Concrete Crack Repairs

Concrete Crack & Small Repair

how to repair large concrete cracks While concrete cracks appear to be typical, it is not recommended that they remain ignored.These cracks, typically due to drying shrinkage, thermal movement or other causes usually are minor and result in few problems. But slab cracks are not only an eyesore, but they may hinder the value of the home.

Fortunately, there is an easy way to permanently repair such cracks without the need for major, costly and disruptive repairs. For the repair of concrete floor cracks, certain epoxies and polyurea materials exists, suitable for such slab repairs.

Identify Causes of Concrete Damage

It is important in the concrete resurfacing repair process to identify what has caused the damage in the first place. By looking at the environment and the use of the concrete flooring we are able to help address the root causes of the damage. Concrete can be tailored to meet the needs of your business and withstand the abuse to which concrete floors are subjected.

The repair process often begins with with scarification to remove old floor coatings or shot blasting to remove soft concrete and contamination. These processes leave an even and textured surface that is ready for concrete resurfacing. We are industry leaders in these surface preparation processes and have been for years.

Simply pouring wet concrete into a hole in your driveway, sidewalk, or basement floor won’t make for a lasting repair. You have to prep the edges correctly and use the right materials. Holes 1 inch or deeper require a concrete mix with coarse, crushed-stone aggregate, which bonds well with existing concrete. Shallower holes need a sand mix. Whichever type you use (they’re both available at home centers), follow these steps.

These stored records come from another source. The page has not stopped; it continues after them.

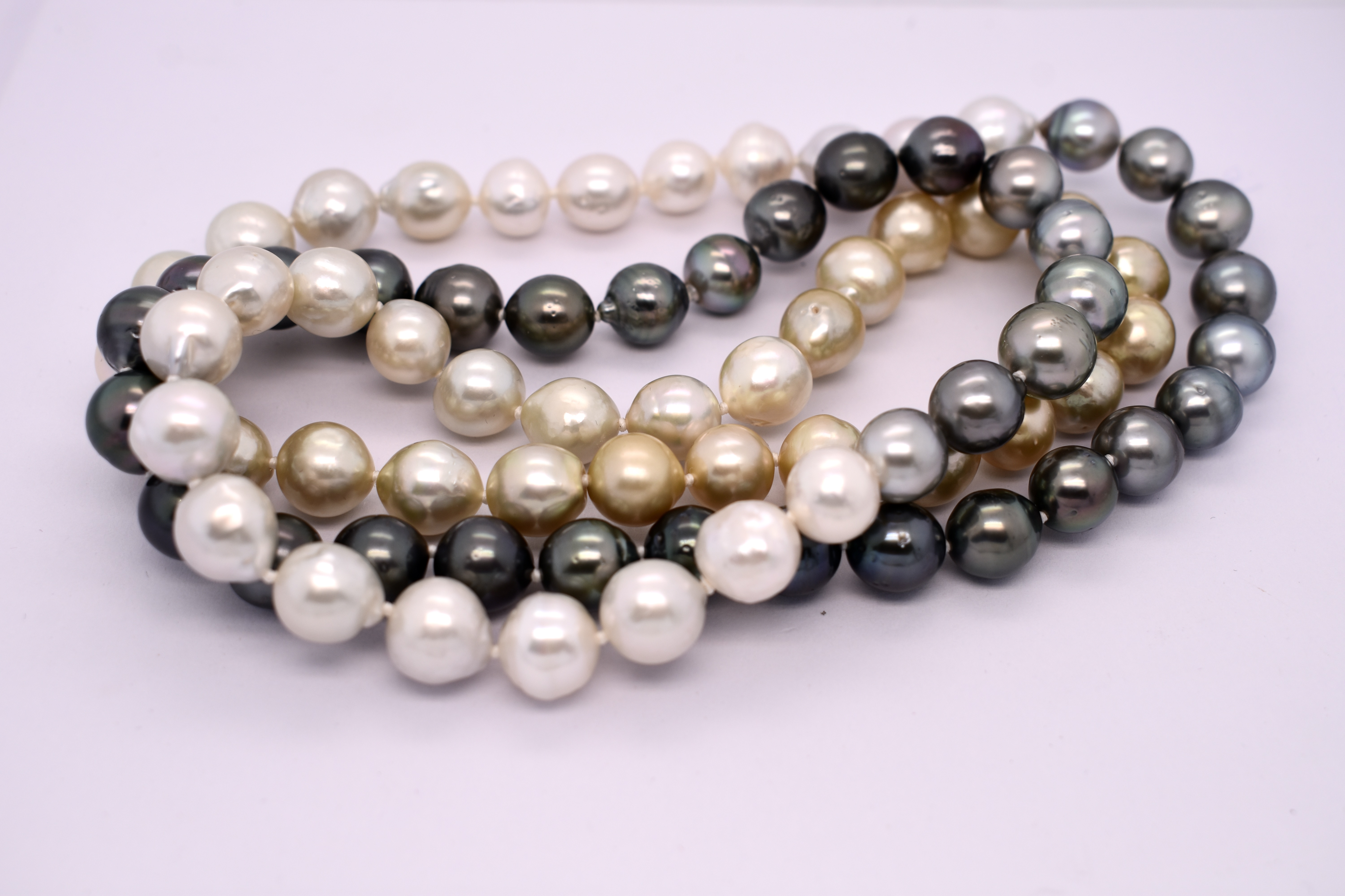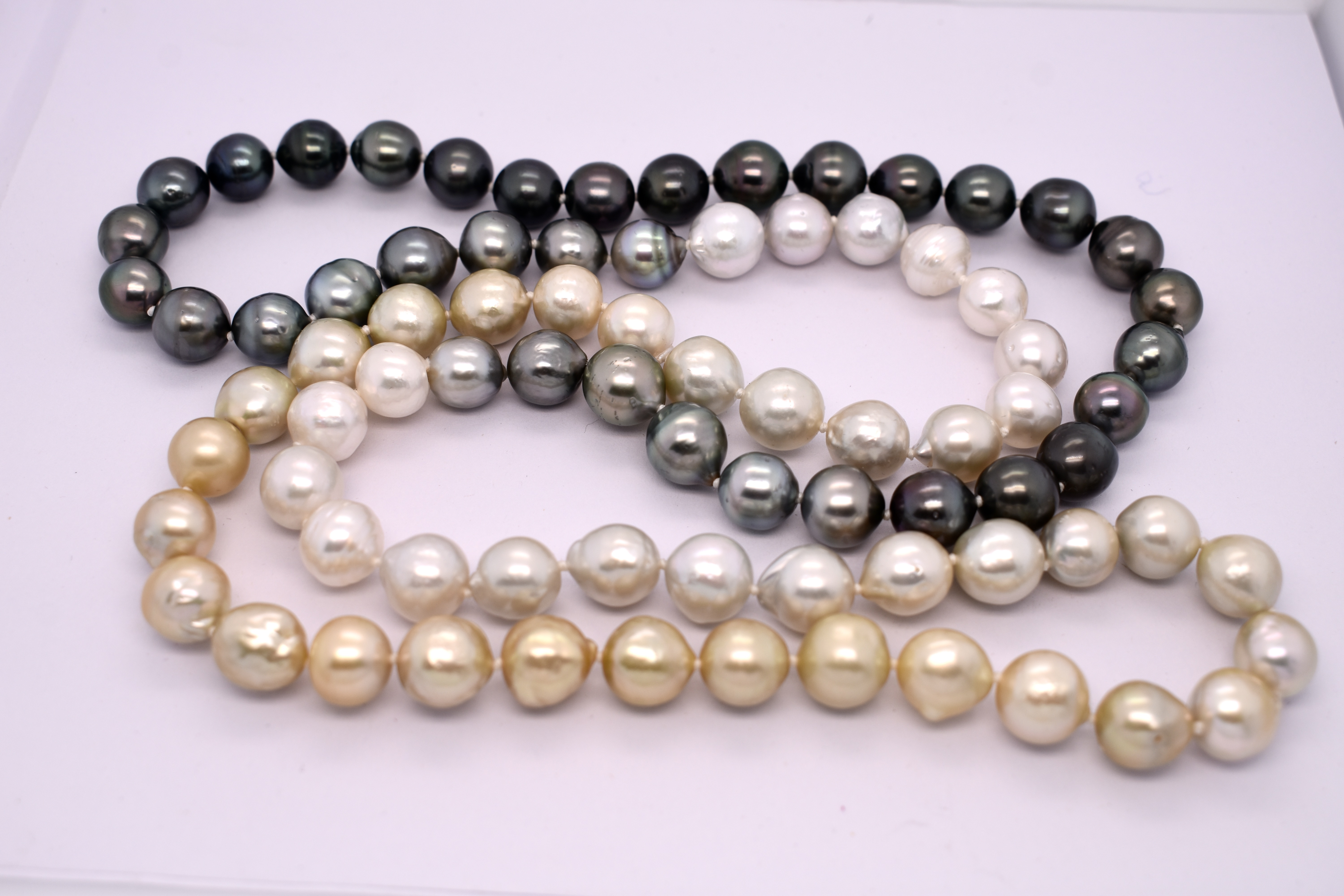 Fabulous Ombre pearl strand, consisting of 81 baroque 9-10mm South Sea and Tahitian pearls threaded and knotted on silk measuring 85mm long. The pearls range in shades of gold, white, silver, cream, grey to black creating this amazing Ombre gradient along the entire strand. All pearls have good to very good lustre. Strand is knotted with no clasp. Independent Valuation Supplied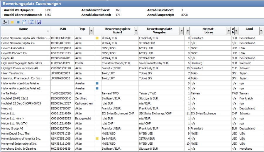| Mit dem Speichern-Icon fixieren Sie die Bewertungsplatz-Zuordnungen für die momentan dargestellten und ausgewählten Wertpapiere. Dazu wird die Vorgabe (Spalte "Bewertungsplatz Vorgabe") als Fixierung übernommen. |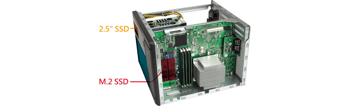 Com dois slots SSD dedicado para aumentar a performance de IOPS, com maior velocidade de transferência e a confiabilidade através do compacto.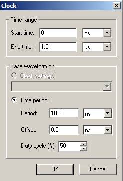 на панели инструментов редактора временных диаграмм (см. рис. 3.4.3.). Появится окно Clock, показанное на рис. 3.6.4.2.1.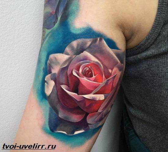 Цветная татуировка, значение которой придаётся сильной половиной человечества, может быть как простой, так и очень сложной. Большие цветные работы – дело очень затратное как по времени, так и по деньгам, однако, результат полностью оправдывает себя. Лучше всего цветные татуировки выглядят в стиле реализм, или так называемом 3-D стиле. Если вы присмотрели для себя именно такую татушку, тогда будьте готовы, что без цвета не обойтись. К тому же, очень важную роль в такой татуировке играют тень и блики, которые выполняются разными оттенками чёрного, серого и белого: именно они вдыхают в татуировку жизнь.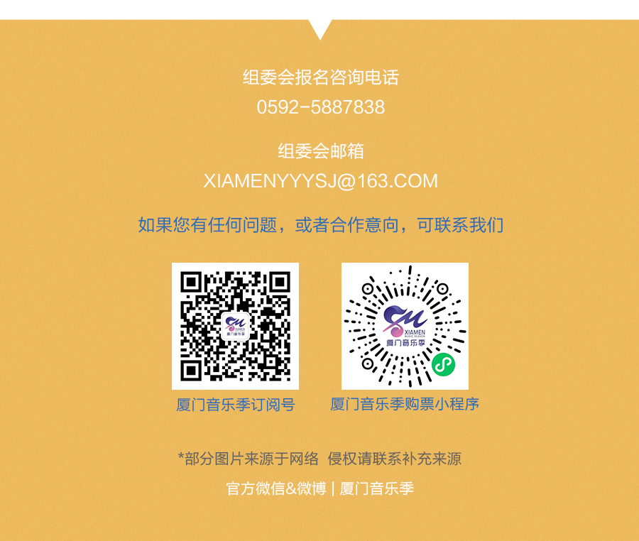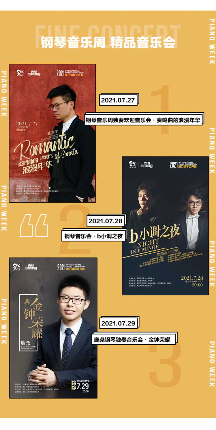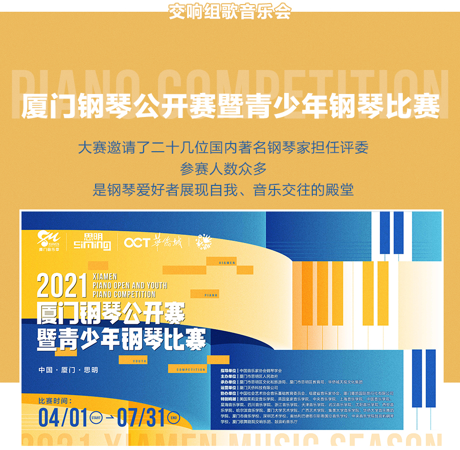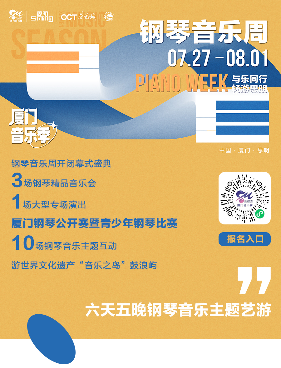 2021厦门音乐季-六天五晚钢琴音乐主题艺游 分类: 新闻资讯, 资讯作者:厦门音乐季2021年7月15日文章导航上一篇上一篇文章:2021厦门音乐季-六天五晚吉他音乐主题艺游下一篇下一篇文章:2021厦门音乐季-六天五晚弦乐音乐主题艺游相关内容延期公告 | 2021厦门音乐季整体延期2021年8月2日喜报!2021厦门音乐季钢琴公开赛非专业组选手获奖名单公示2021年8月1日45、喜报!2021厦门音乐季钢琴公开赛专业组选手获奖名单公示2021年7月31日回顾 | 2021厦门音乐季钢琴音乐周全程回顾2021年7月31日钢琴音乐周第四日回顾 | 鼓浪屿上演终极对决,点评会大师班干货满满2021年7月31日钢琴音乐周第三日回顾 | 让琴键在指尖飞舞,让音乐在鹭岛飞扬2021年7月30日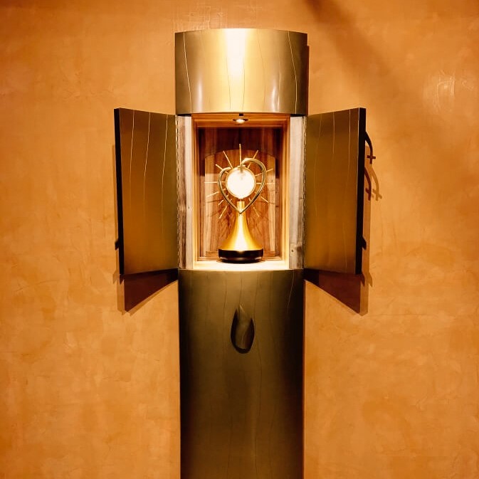 Il faut savoir que cet ostensoir est unique. Qu’il n’en existe probablement aucun autre de ce type, le père Marc m’a demandé qu’il réunisse à la fois une pyxide et une monstrance, c’est a dire à la fois un ciboire sans pied et un ostensoir et donc la réserve des hosties et la grande hostie d’adoration. C’est donc Jésus tout entier, présent dans une église, qu’il vous sera donné de venir rencontrer et prier.
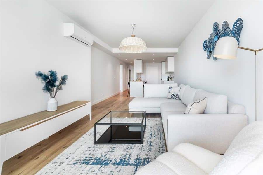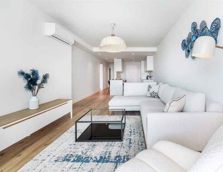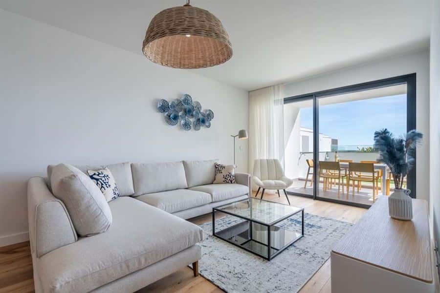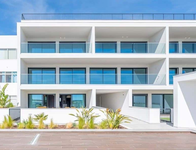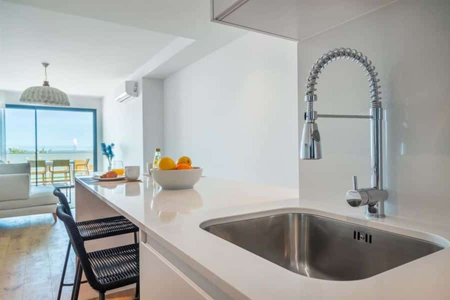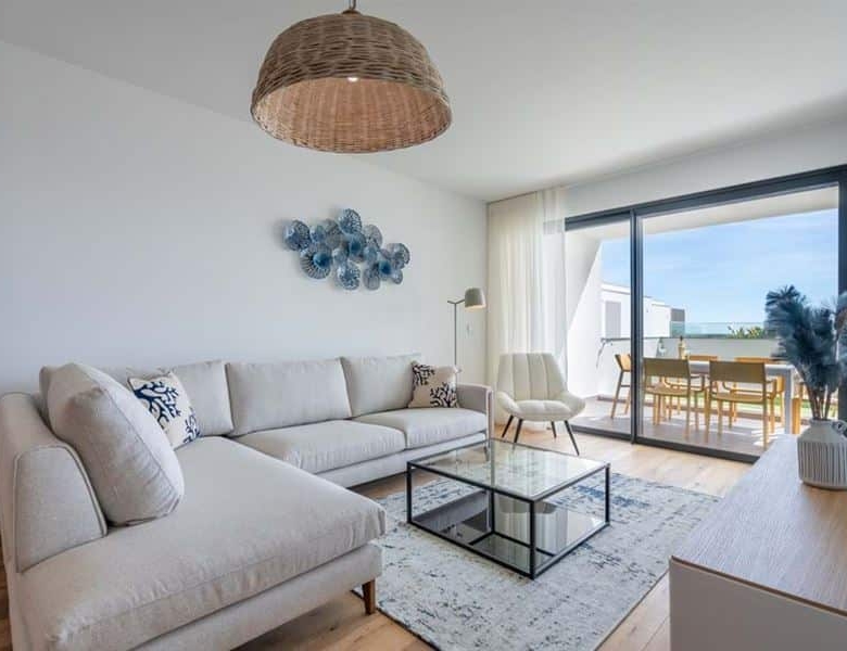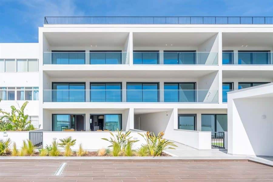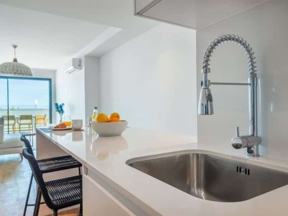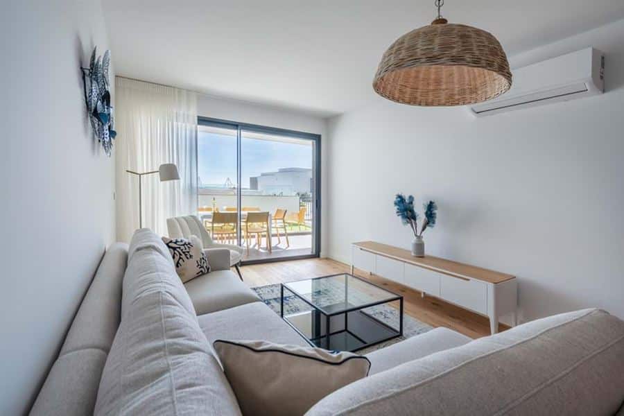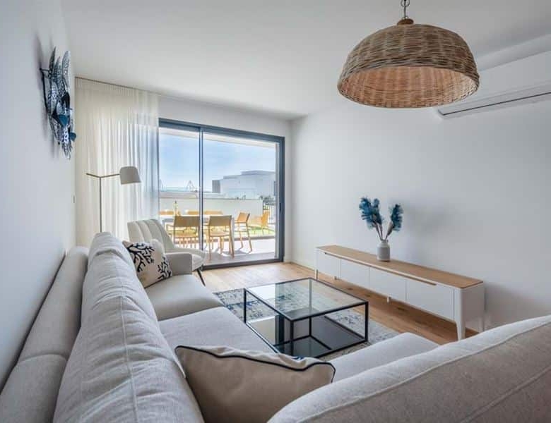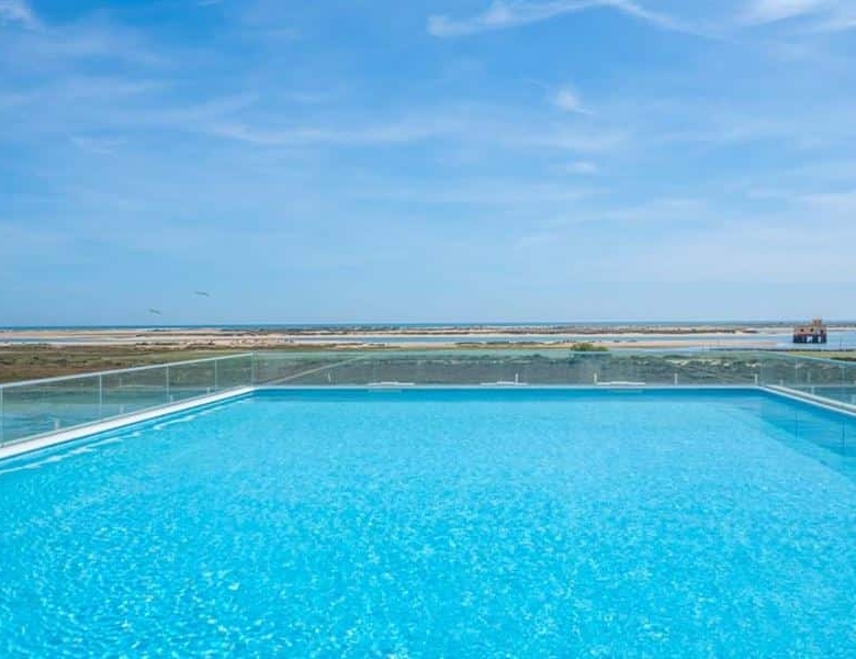 This brand new two bedroom apartment in Fuseta is situated on the front line overlooking the Ria Formosa. Sold fully furnished, this property is 750 metres from Praia da Fuseta Ria the lagoon beach in Fuseta and approximately 20 minutes from Faro airport.Situated on the ground floor with direct access to the resort pool, this apartment comprises an entry hallway wrapping round to a semi open-plan living room with a fully fitted kitchen with premium appliances and breakfast off to the side. From here, there are large sliding doors leading out to the private terrace with an outdoor dining area and a small area fitted with artificial grass.This terrace leads directly to the communal swimming pool and sunbathing areas where there are amazing views overlooking the renowned Ria Formosa Lagoon.Offering two bedrooms, the master bedroom comes with it’s own en-suite bathroom and walk-in closet whereas the second bedroom has access to a shared bathroom equipped with a large walk-in shower.Additional features include: air-conditioning, wooden flooring throughout except the bathrooms, a laundry room off the kitchen and 2 private parking spaces with a storage locker.Fuseta is a fishing village full of character and charm, sharing its beach with the Ria Formosa, it also has a beach that is on an island located on the east part of the Armona island. This is slightly after the Ria Formosa and can be accessed by a ferry, making the trip to the beach a memorable and enjoyable moment.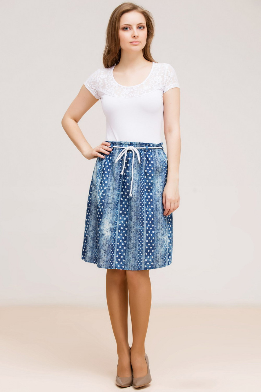 Юбка прямого покроя. Изделие длины миди со шлевками для ремня. Украшена рисунком в горошек и рисунком ""кружево"". В комплекте пояс-шнурок.

  1. Use a hammer and a cold chisel to level the bottom of the hole and undercut its sides slightly so the patch can’t pop loose. Vacuum, then clean the area with water and a wire brush. Wipe clean.
  2. Brush on a concrete bonding liquid, sold in bottles at home centers.
  3. While the bonding agent is still tacky, mix the concrete with water and scoop some into the hole. Press it into the corners and against the edges with a trowel. Now fill the hole completely, leaving some material mounded on top.
  4. Level the patch with a straight-edged board at least a foot longer than the width of the hole. Move it back and forth in a sawing motion. This will also push down the aggregate and make the final smoothing easier. When the surface loses its wet sheen and feels firm to the touch, smooth it with a magnesium or wood trowel, which won’t interfere with curing. Work the trowel in a fanning motion to blend the edges with the existing concrete. Do this several times as the mix cures. To burnish the surface very smooth, use a steel trowel (shown) on the final few passes. For a texture, pull a damp push broom over the concrete. Wait at least 24 hours before walking on the patch and a week before driving on it.

TOH Tip: The temperature of the existing concrete must remain above 50 degrees for the first 24 to 48 hours after the patch is applied. The cooler the weather, the longer the curing time.